Archive for October, 2007

TheGinna’s life in Oz so far. Update #3. And its not too good …

October 27, 2007

Its been a tough week this week.

Started out well, caught up with some friends on the Saturday for a bit of a drinking session and that was a good laugh. Sunday was busy, bought a bike and all the gear and started cycling to work – more on that later. Starting going to the gym at work and did two workouts not including the session outlining the fitness program. On a bit of a health kick at the moment so managed to stay off the crap food, even managed to cut out diary and fried. Eating cereal, with soy milk, seeds and this stuff called psyllium husks – which basically cleans your system out. And increasing the water intake.

Watch a great film at the cinema – “Death at a Funeral”, which is extremely funny and I highly recommend it. Signed up for a free DVD rental membership, finally got to see “Ocean’s Thirteen” and will get around to watch “Children of Men”, “Good Night and Good Luck” and “Letters from Iwo Jima”.

So while all this good stuff is happening, bad things appeared which all came to a climax on Thursday night (perhaps Friday afternoon).

Sunday night was strange.
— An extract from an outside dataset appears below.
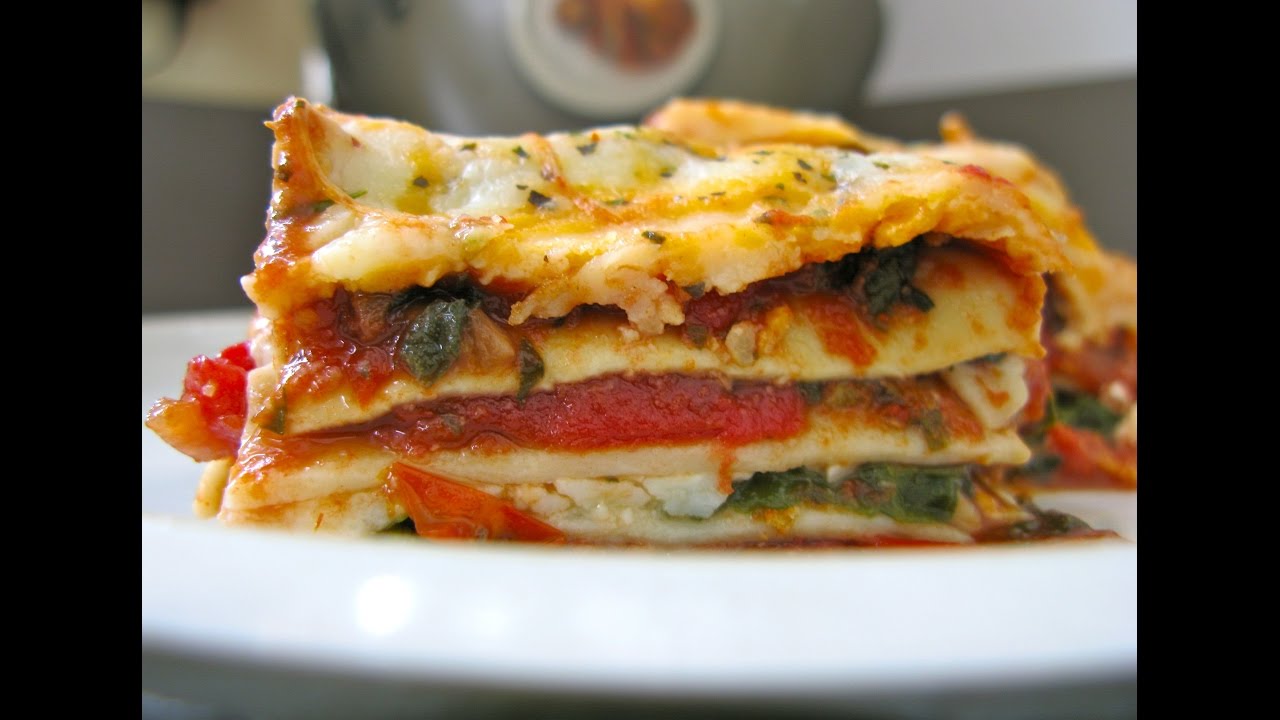 Na última, antes de colocar o molho, coloque as outras folhas da massa da lasanha e o restante do molho por cima.

Heard some voices outside so I peered through the blinds in a Michael “I’m a nosey neighbour” Caine stylee. And there were a couple of Police Officers looking at the boot of this car, nothing interesting really. Ten minutes later I hear this shouting, again peering through the blinds. Same car, this time two guys standing on either side of the car talking. Then the shouting started. Along the lines of:

“IF WE FIND OUT WHO DID THIS WE WILL F**KING KILL YOU”

“WE WILL F**KING KILL EVERY LAST ONE OF YOU”

Shouting directly at the apartment building! So I phoned the cops, which was like one hundred questions. So anyways, cops arrived shortly afterwards and went looking for these guys – who had disappeared whilst I was getting grilled by the operator. So welcome to Melbourne Vik. As you can tell I was slightly anxious going to bed.

Did I sleep? Did I f**k.

I woke up to every creak and noise in the apartment, luckily dickheadone and dickheadtwo didn’t find the culprit – or perhaps they are not men of their words, as I am still living.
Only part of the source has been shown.